On Sunday, an awards screening was held with select films that won from the festival's pool of over $20,000. The biggest accolades come sponsored by prestigious names in movies like the Ken Burns Award for Best of the Festival, the Michael Moore Award for Best Documentary Film, the Stan Brakhage Film at Wit's End award and the George Manupelli Founder's Spirit Award.

On that day there were a couple new films that had played at screenings I hadn't managed to see.

Janos Richter's "Guanape Sur" won for Best Documentary, a chronicle of an island that gets harvested once every decade for the thousands of cubic feet of bird droppings that covers it rocky surface. Workers come in on ships and spend days cracking and shoveling the guano into bags for fertilizer. The film leads in on a boat coming onto the islands shore, records the safety speech given by the expedition's coordinator and the dusty, dirty, possibly disease-ridden conditions that the workers work, sleep and try to relax in.
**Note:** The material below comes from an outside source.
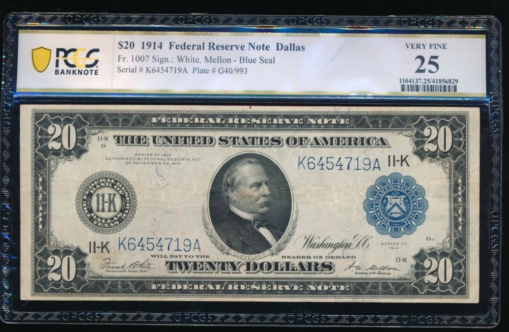 One 1914 $20 Dallas FRN PCGS 25.

Neil Beloufa's "Untitled" is an attempt to recreate the events of an Algerian villa that is improbably occupied by terrorist's in hiding in a building that is made mostly of glass. The building's true inhabitants walk through a theatrical space with cardboard cutouts and giant photographs plastered on the walls and faux-sinks and faux-doorways, wondering what must have been going through the interlopers heads when they got there, how they lived and why, strangely, the villa was scrubbed clean when they left.

Every year after the film festival I leave with sort of a honeymooner's glee concerning the experimental cinema. Seeing images and works the likes of which I had never before seen engender this incredible excitement about the power and potential of movies that carries over into further exploration and appreciation of art for months after.

It's why every year people come to the film festival, why this year was so great and why next year I'll be back again to observe, wonder and see.

So, so long, 50th Ann Arbor Film Festival.

And thanks for all the films.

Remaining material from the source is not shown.